* **Dataset entries**
-- Opening Marker --

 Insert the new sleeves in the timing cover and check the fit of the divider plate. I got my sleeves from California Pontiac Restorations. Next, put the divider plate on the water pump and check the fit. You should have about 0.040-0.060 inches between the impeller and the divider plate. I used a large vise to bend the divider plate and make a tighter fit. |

-- Closing Marker --
-- Opening Marker --

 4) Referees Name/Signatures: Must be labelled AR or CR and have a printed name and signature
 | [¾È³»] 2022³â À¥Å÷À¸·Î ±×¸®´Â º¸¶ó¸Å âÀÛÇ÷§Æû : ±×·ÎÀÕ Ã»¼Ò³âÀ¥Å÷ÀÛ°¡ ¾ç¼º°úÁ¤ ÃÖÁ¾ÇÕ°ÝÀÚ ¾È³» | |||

-- Closing Marker --

* **Goal of the exercise**
Find each line of the data above that holds the word "have", then copy it.

* **Response below**
 Insert the new sleeves in the timing cover and check the fit of the divider plate. I got my sleeves from California Pontiac Restorations. Next, put the divider plate on the water pump and check the fit. You should have about 0.040-0.060 inches between the impeller and the divider plate. I used a large vise to bend the divider plate and make a tighter fit. |
 4) Referees Name/Signatures: Must be labelled AR or CR and have a printed name and signature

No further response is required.